Oto moje typy na MVP, szóstego Człowieka Roku, DPOY i nie tylko.
Prognozy nagród NBA na lata 2024–25
Najcenniejszy zawodnik: Luka Doncic, Mavericks
Doncic w każdym z ostatnich pięciu sezonów zajmował co najmniej ósme miejsce w głosowaniu na MVP. W zeszłym sezonie zajął trzecie miejsce.
To głosowanie miało miejsce przed play-offami, podczas których został MVP finałów Konferencji Zachodniej i był nie do zatrzymania przez cały finał Mavs. Udowodnił, iż żadna obrona nie jest w stanie go powstrzymać, pokonując każdy plan ze średnimi 28,9 punktu, 9,5 zbiórki i 8,1 asysty w fazie play-off.
Doncić ma wielką szansę powtórzyć ten sukces w nadchodzącym sezonie. Mavericks powinni być lepsi, biorąc pod uwagę dołączenie do składu Klaya Thompsona, Naji Marshalla, Quentina Grimesa i Spencera Dinwiddiego. Doncic ma kolejny rok chemii z Kyriem Irvingiem, a Dereck Lively II powinien w dalszym ciągu poprawiać się po obiecującej kampanii dla debiutantów.
Lepsze odstępy wokół Doncicia sprawią, iż będzie jeszcze trudniej go chronić. Thompson dostanie najłatwiejsze trójki w swoim życiu, a drużyny nie mogą już dłużej rezygnować z tak kiepskiego strzelca jak Derrick Jones Jr.
Doncić wkracza w sezon w wieku 25 lat i będzie lepszy niż kiedykolwiek. Michael Jordan, LeBron James i Giannis Antetokounmpo zdobyli swoje pierwsze tytuły MVP w wieku 24 lat. Jokic zdobył tytuł MVP w wieku 25 lat. Doncic zakończy karierę w tej samej branży, co jeden z 25 najlepszych graczy, którzy kiedykolwiek grali w tę grę. Jego czas nadszedł teraz.
Debiut Roku: Zach Edey, Grizzlies
To nie jest dobra klasa nowicjuszy, a wielu z najlepszych typów w tym drafcie wyglądało, jakby byli bardzo daleko od udziału w Lidze Letniej. Mówiąc delikatnie, Alex Sarr, mówiąc delikatnie, jest w toku, podobnie jak Zaccharie Risacher.
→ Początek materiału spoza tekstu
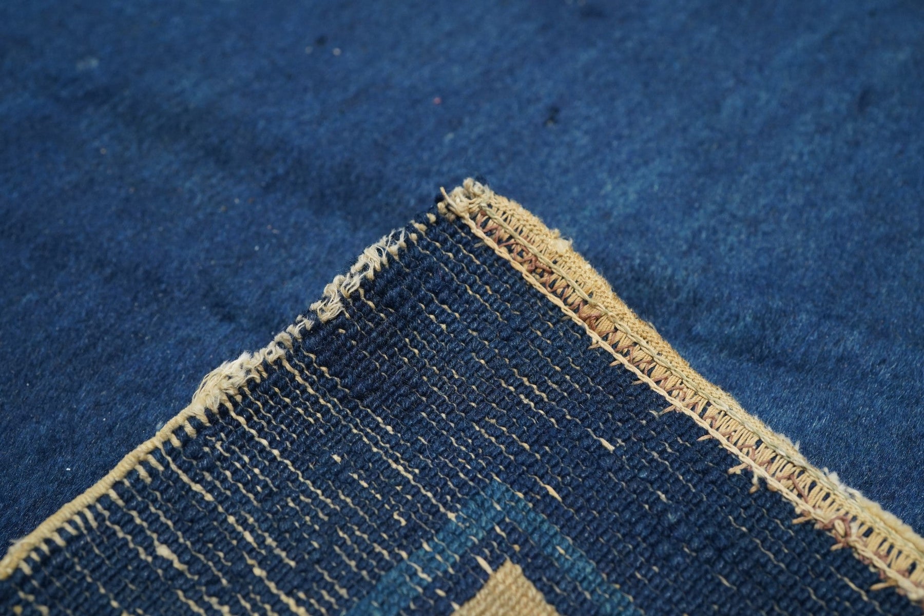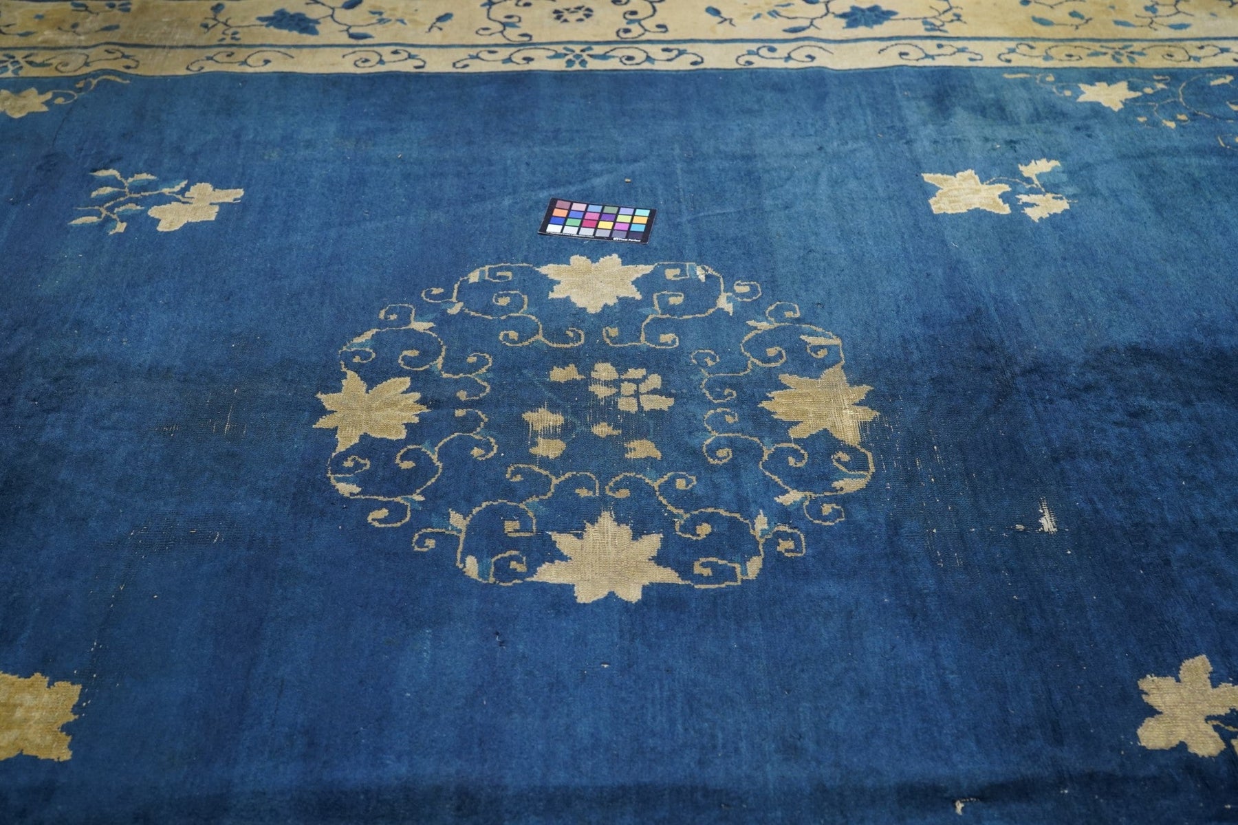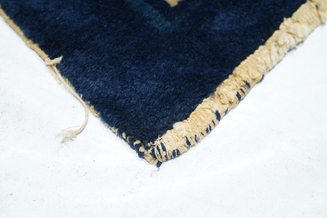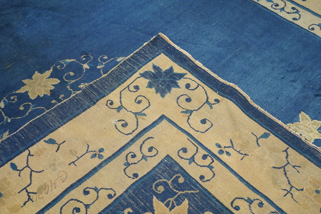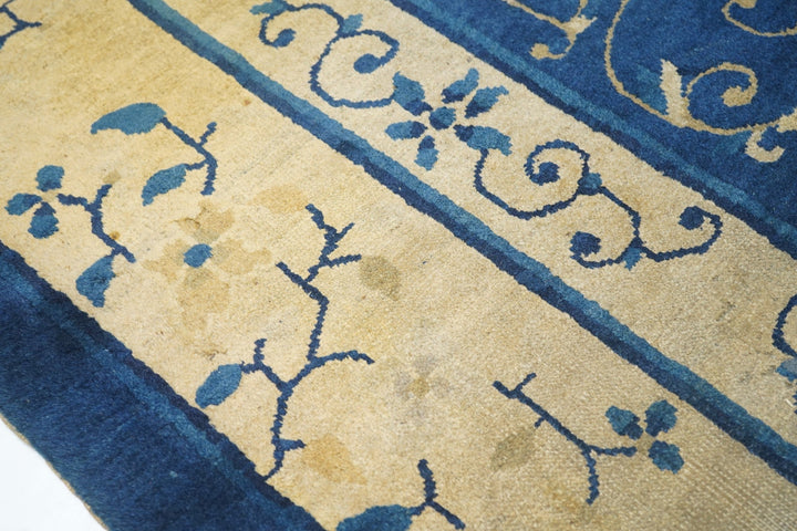 From northeast China, this export carpet shows a deep blue field organized by an open arabesque and four paeony medallion, around which easily flow six small tree paeonies, and paeony and spiral arabesque open corners. Beige main borer with paeonies and arabesques. Plain dark blue uttermost frame matches field. Fair condition with varying wear. Cotton foundation, moderate/medium weave.

Reed Sheppard mógłby rywalizować o nagrodę, ale może nie zdobyć minut potrzebnych do zwycięstwa, biorąc pod uwagę głębokość defensywy Houston.
To oznacza, iż Edey domyślnie zdobywa nagrodę. Będzie dużo grał – Grizzlies nie mają za sobą zbyt wiele na środku. Ma także umiejętności gotowe do gry w NBA, dzięki swoim wewnętrznym punktom i zbiórkom, a Memphis to dobre miejsce na ukrycie jego słabości.
Edey nie będzie świetnym strzelcem ani mobilnym obrońcą, ale Memphis ma w swoim wyjściowym składzie dobrze strzelającego i silnego napastnika w postaci Jarena Jacksona Jr., który może pomóc złagodzić te problemy. Edey będzie gigantem scenograficznym dla Ja Moranta, z którym od pierwszego dnia powinna istnieć dobra chemia podczas pick-and-rolla.
Edey nie będzie najlepszym graczem w tej klasie, ale może być najbardziej produktywnym debiutantem. Przypomina to zwycięstwo Malcolma Brogdona w klasie draft 2016. Chociaż niektórzy gracze okazali się znacznie lepsi od Brogdona, jego wiek – podobnie jak Edey, Brogdon grał przez cztery lata w college’u – i natychmiastowy wkład w drużynę play-offową wystarczyły, aby wygrać.
Defensywny Gracz Roku: Victor Wembanyama, Spurs
Wembanyama zajął w zeszłym sezonie drugie miejsce za Gobertem i przez większą część roku choćby nie znał tendencji u rywali. Dzięki pełnemu sezonowi filmowania i nauczeniu się, jak działają rotacje w NBA, będzie znacznie lepszy.
To przerażająca myśl, biorąc pod uwagę, iż Wembanyama prowadził w lidze z 3,6 blokami na mecz w zeszłym sezonie. Gracze często cofali piłkę, zamiast rzucać mu wyzwanie, a on i tak osiągał absurdalnie wysoką liczbę. Jest także kimś więcej niż tylko obrońcą felgi. Jego rozpiętość skrzydeł wynosząca 8 stóp pozwala mu na kradzieże, których nikt inny nie jest w stanie, i jest całkiem dobry w poruszaniu nogami po obwodzie.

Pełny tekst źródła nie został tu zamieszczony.